● YOUR ASSIGNMENT
In the listing below, start your output at the line with "まぐろ、ねぎとろ、えび、鯛、" and end it after the line with "Rośliny: Wyspa, Domy, Palmy, Morze, Tropiki", copying every line exactly.

● MATERIAL FOR THE TASK
##############################

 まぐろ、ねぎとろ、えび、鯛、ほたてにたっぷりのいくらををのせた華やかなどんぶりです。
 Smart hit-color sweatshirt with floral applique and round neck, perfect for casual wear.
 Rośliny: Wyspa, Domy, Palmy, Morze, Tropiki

##############################

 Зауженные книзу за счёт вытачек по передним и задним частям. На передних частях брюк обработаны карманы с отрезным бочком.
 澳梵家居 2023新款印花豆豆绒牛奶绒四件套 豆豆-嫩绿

##############################

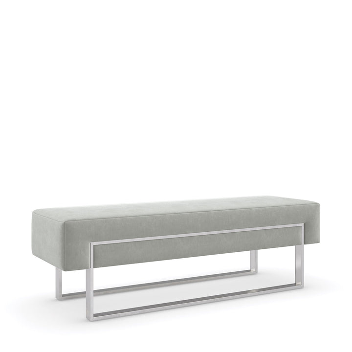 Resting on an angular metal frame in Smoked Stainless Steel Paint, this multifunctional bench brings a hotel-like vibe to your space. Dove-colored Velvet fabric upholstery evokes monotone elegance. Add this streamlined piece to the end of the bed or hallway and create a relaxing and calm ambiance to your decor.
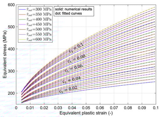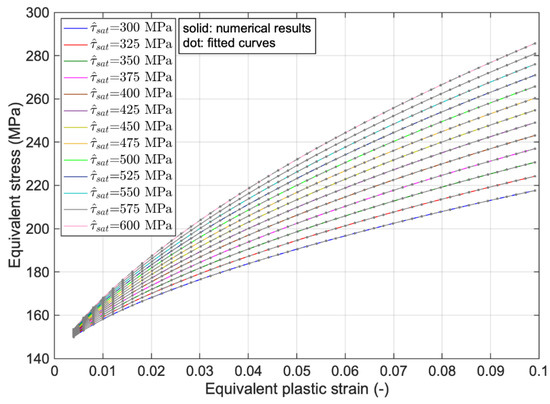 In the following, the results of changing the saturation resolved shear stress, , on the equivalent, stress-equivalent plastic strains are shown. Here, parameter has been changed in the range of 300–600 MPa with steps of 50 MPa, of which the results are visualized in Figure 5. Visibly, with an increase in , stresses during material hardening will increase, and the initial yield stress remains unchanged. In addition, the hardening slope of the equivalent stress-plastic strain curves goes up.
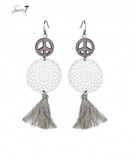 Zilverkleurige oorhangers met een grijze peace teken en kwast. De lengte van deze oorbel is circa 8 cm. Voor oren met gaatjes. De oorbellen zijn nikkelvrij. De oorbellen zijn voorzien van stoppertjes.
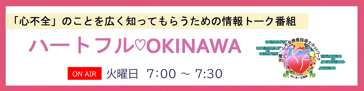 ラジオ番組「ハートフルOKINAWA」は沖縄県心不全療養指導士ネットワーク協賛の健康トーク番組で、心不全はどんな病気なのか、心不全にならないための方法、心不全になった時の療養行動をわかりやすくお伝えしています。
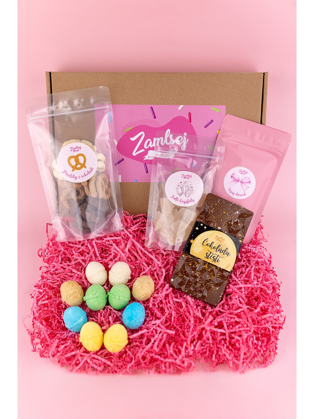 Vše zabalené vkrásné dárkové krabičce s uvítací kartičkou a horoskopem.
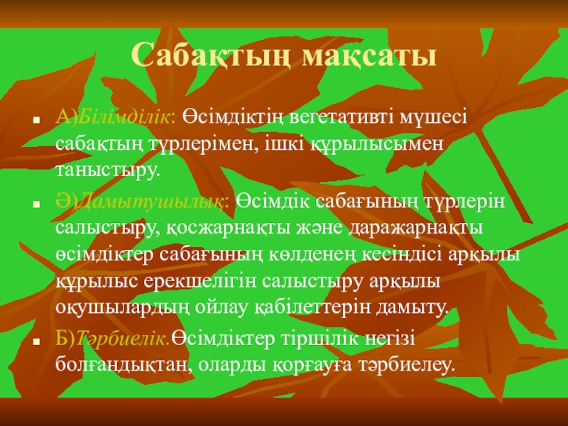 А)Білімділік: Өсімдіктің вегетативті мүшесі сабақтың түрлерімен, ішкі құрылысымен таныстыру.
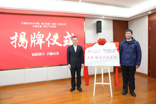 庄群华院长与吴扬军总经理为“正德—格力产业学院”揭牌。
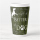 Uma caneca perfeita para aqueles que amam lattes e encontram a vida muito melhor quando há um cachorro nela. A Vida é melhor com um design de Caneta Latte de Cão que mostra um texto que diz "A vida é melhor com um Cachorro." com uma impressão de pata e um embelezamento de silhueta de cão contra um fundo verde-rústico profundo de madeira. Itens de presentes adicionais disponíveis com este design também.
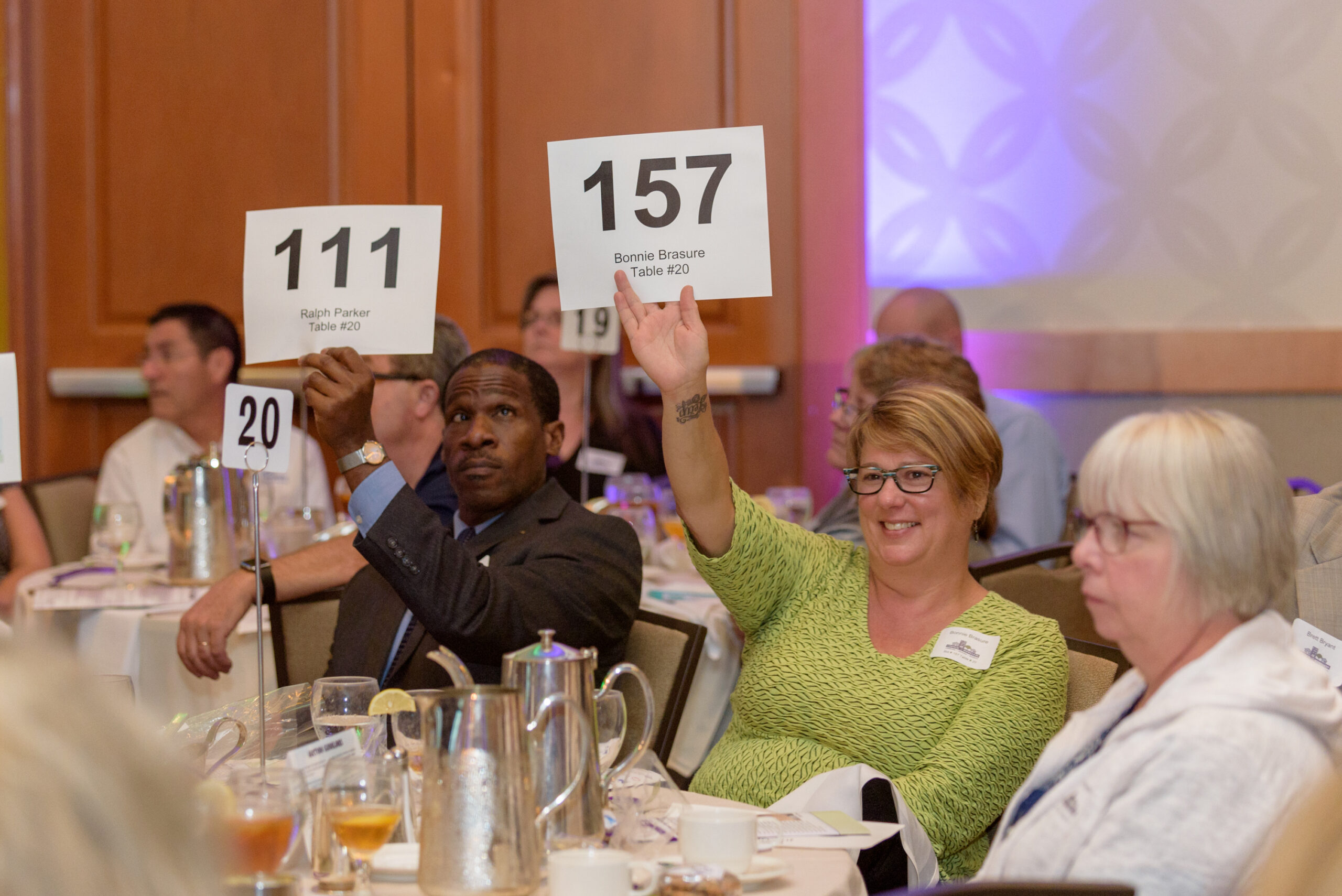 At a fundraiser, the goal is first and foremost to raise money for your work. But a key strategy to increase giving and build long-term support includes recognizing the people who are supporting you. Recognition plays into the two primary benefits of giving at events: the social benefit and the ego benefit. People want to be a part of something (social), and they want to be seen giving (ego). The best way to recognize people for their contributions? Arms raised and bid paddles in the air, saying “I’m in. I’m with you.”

##############################

● THE COMPLETED TASK
 まぐろ、ねぎとろ、えび、鯛、ほたてにたっぷりのいくらををのせた華やかなどんぶりです。
 Smart hit-color sweatshirt with floral applique and round neck, perfect for casual wear.
 Rośliny: Wyspa, Domy, Palmy, Morze, Tropiki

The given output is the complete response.